## TASK BRIEF
Repeat exactly the lines beginning at the one that contains "The amplification of" and running to the end of the material. Omit the pictures.

>>>>

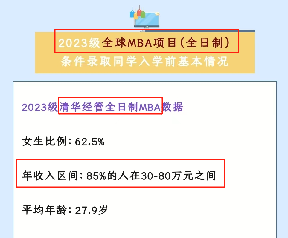 比如清华大学经济管理学院全球MBA项目,学费是19.8万,19.8的1.5倍就是29.7万,而该项目新生年收入在30万以上的占85%。
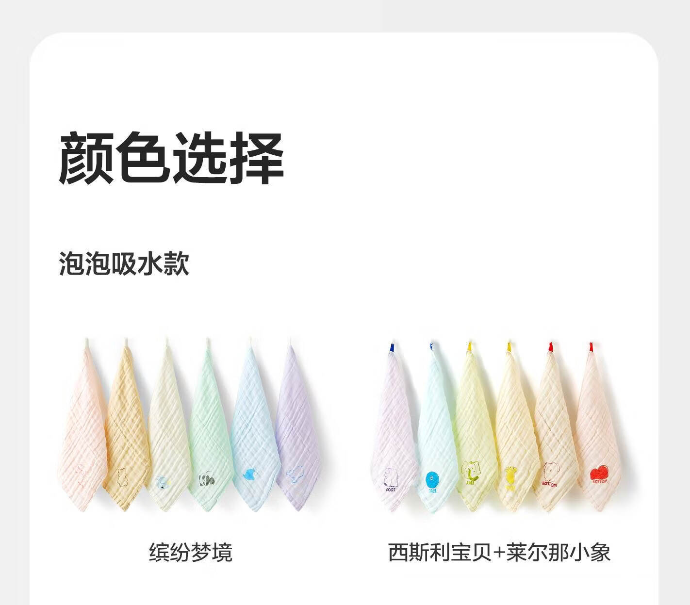 babycare 1婴儿新生柔瞬吸口水巾洗脸巾洗澡巾拍嗝巾泡泡纱布方巾一巾多用 【6条装】缤纷梦境30*30cm
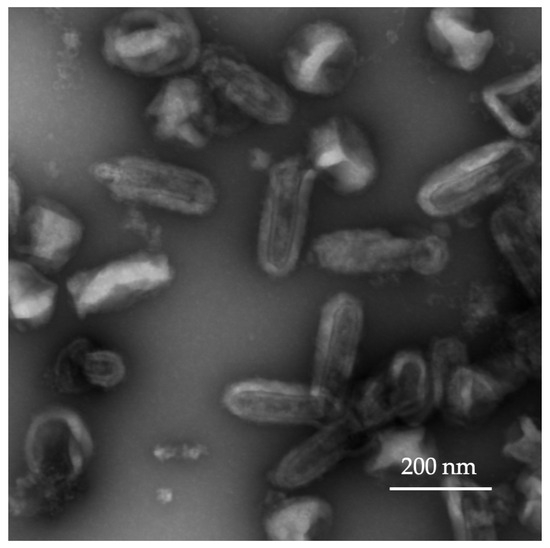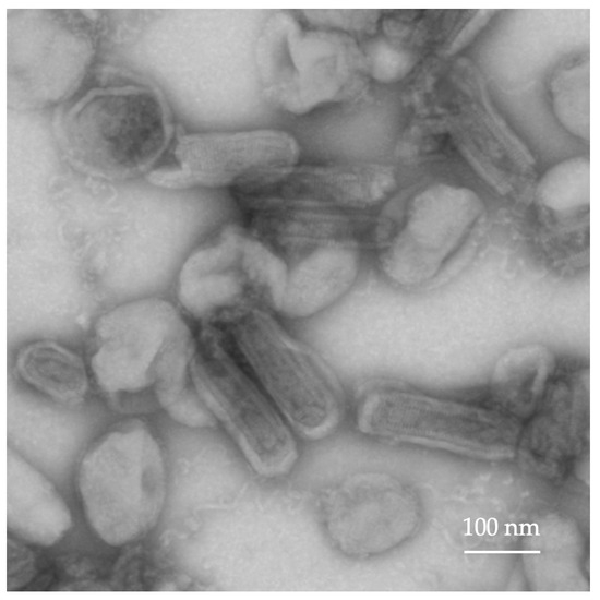 The amplification of rVSV-GFP in BHK-21 cells involved transduction (infection) with post-transfection-conditioned culture media containing assembled virus particles. Three rounds of virus amplification were carried out for the described experiments; however, the number of production steps usually depends on the amount of virus required for in vitro or in vivo experiments. The virus titer was assessed by CPE in BHK-21 cells 72 h post-infection. The rVSV-GFP titer (TCID50/mL) was calculated according to the Reed–Muench method and was 3 × 109 TCID50 in a 30 mL volume. For intratumoral injections at the desired dose, no further purification of rVSV-GFP was carried out, and the virus preparation was diluted to the final dose (1 × 106 and 1 × 108 TCID) in a 50 µL volume. The rVSV-GFP preparation was analyzed using transmission electron microscopy (TEM) (Figure 2). Bullet-shaped virions with an interior striated pattern and lipid bilayer, consistent with the features of an intact VSV virus, were observed.
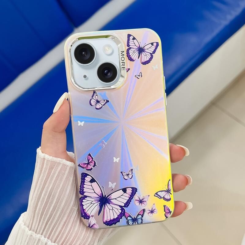 Θήκη τηλεφώνου με ηλεκτρολυτική επίστρωση και σχέδιο laser πεταλούδας για iPhone 15 (Λευκές-Μωβ Πεταλούδες AB6)
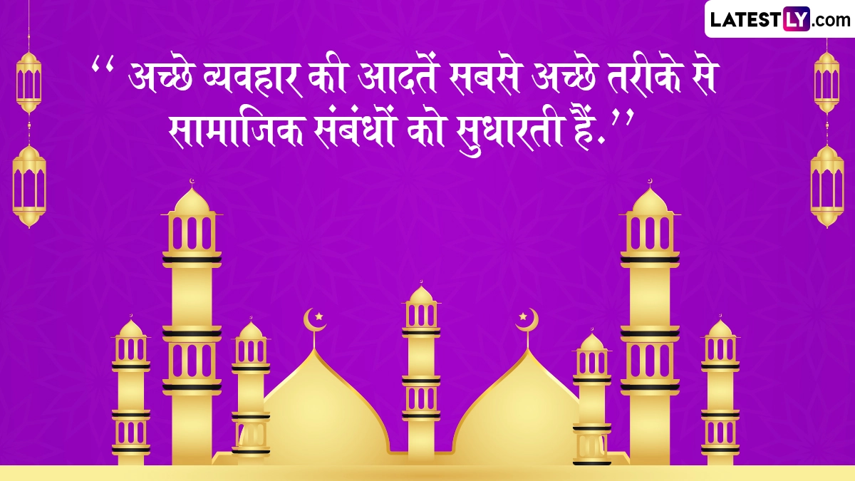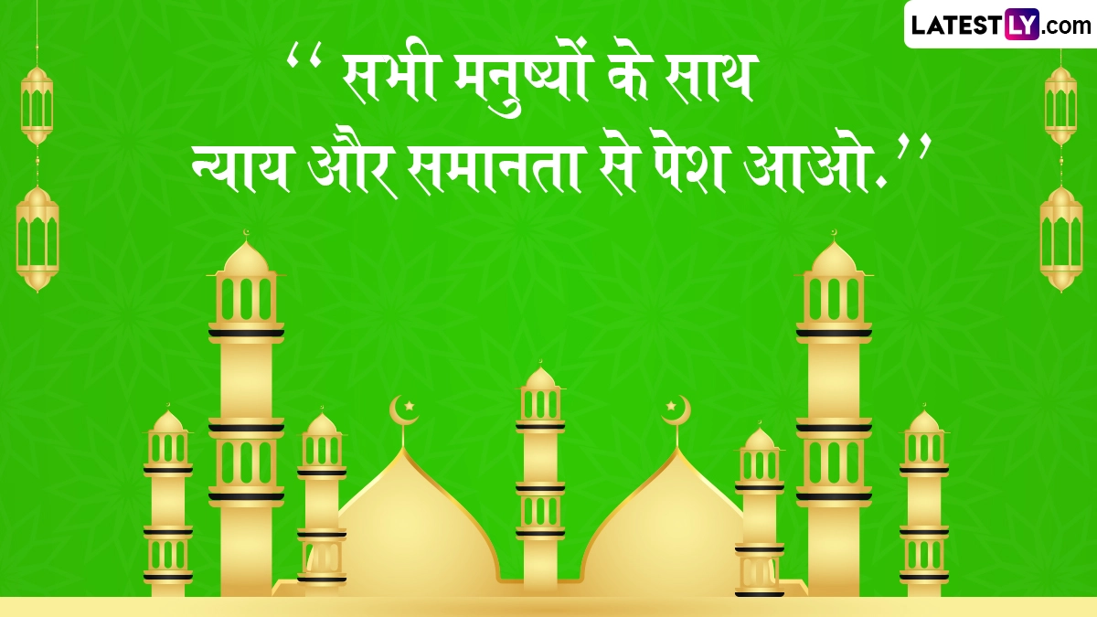 दुनिया भर के मुसलमान इस त्यौहार को बहुत खुशी के साथ मनाते हैं. 2024 में ईद-ए-मिलाद (मौलिद अल-नबी) की तारीख 16 सितंबर को पड़ेगी. त्योहार के दिन मुसलमान नए कपड़े पहनते हैं और विशेष प्रार्थना करने के लिए निकटतम मस्जिदों में जाते हैं. पैगंबर मुहम्मद का जन्म अरब के एक शहर मक्का में हुआ था. माना जाता है कि उनकी शिक्षाएँ समुदाय के लिए बहुत मूल्यवान थीं. मुसलमान पैगंबर मुहम्मद की महान शिक्षाओं को याद करने और उन पर चर्चा करने के लिए बैठकें आयोजित करते हैं. ईद-मिलाद-उन-नबी के लिए हम ले आये हैं कुछ कोट्स जिन्हें आप भेजकर ईद की मुबारकबाद दे सकते हैं.
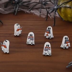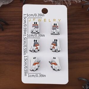 NWT! Set of 3 Pairs of Pierced Post Earrings! Ghosts Holding Orange Books!

<<<<

## ANSWER SECTION
 The amplification of rVSV-GFP in BHK-21 cells involved transduction (infection) with post-transfection-conditioned culture media containing assembled virus particles. Three rounds of virus amplification were carried out for the described experiments; however, the number of production steps usually depends on the amount of virus required for in vitro or in vivo experiments. The virus titer was assessed by CPE in BHK-21 cells 72 h post-infection. The rVSV-GFP titer (TCID50/mL) was calculated according to the Reed–Muench method and was 3 × 109 TCID50 in a 30 mL volume. For intratumoral injections at the desired dose, no further purification of rVSV-GFP was carried out, and the virus preparation was diluted to the final dose (1 × 106 and 1 × 108 TCID) in a 50 µL volume. The rVSV-GFP preparation was analyzed using transmission electron microscopy (TEM) (Figure 2). Bullet-shaped virions with an interior striated pattern and lipid bilayer, consistent with the features of an intact VSV virus, were observed.
 Θήκη τηλεφώνου με ηλεκτρολυτική επίστρωση και σχέδιο laser πεταλούδας για iPhone 15 (Λευκές-Μωβ Πεταλούδες AB6)
 दुनिया भर के मुसलमान इस त्यौहार को बहुत खुशी के साथ मनाते हैं. 2024 में ईद-ए-मिलाद (मौलिद अल-नबी) की तारीख 16 सितंबर को पड़ेगी. त्योहार के दिन मुसलमान नए कपड़े पहनते हैं और विशेष प्रार्थना करने के लिए निकटतम मस्जिदों में जाते हैं. पैगंबर मुहम्मद का जन्म अरब के एक शहर मक्का में हुआ था. माना जाता है कि उनकी शिक्षाएँ समुदाय के लिए बहुत मूल्यवान थीं. मुसलमान पैगंबर मुहम्मद की महान शिक्षाओं को याद करने और उन पर चर्चा करने के लिए बैठकें आयोजित करते हैं. ईद-मिलाद-उन-नबी के लिए हम ले आये हैं कुछ कोट्स जिन्हें आप भेजकर ईद की मुबारकबाद दे सकते हैं.
 NWT! Set of 3 Pairs of Pierced Post Earrings! Ghosts Holding Orange Books!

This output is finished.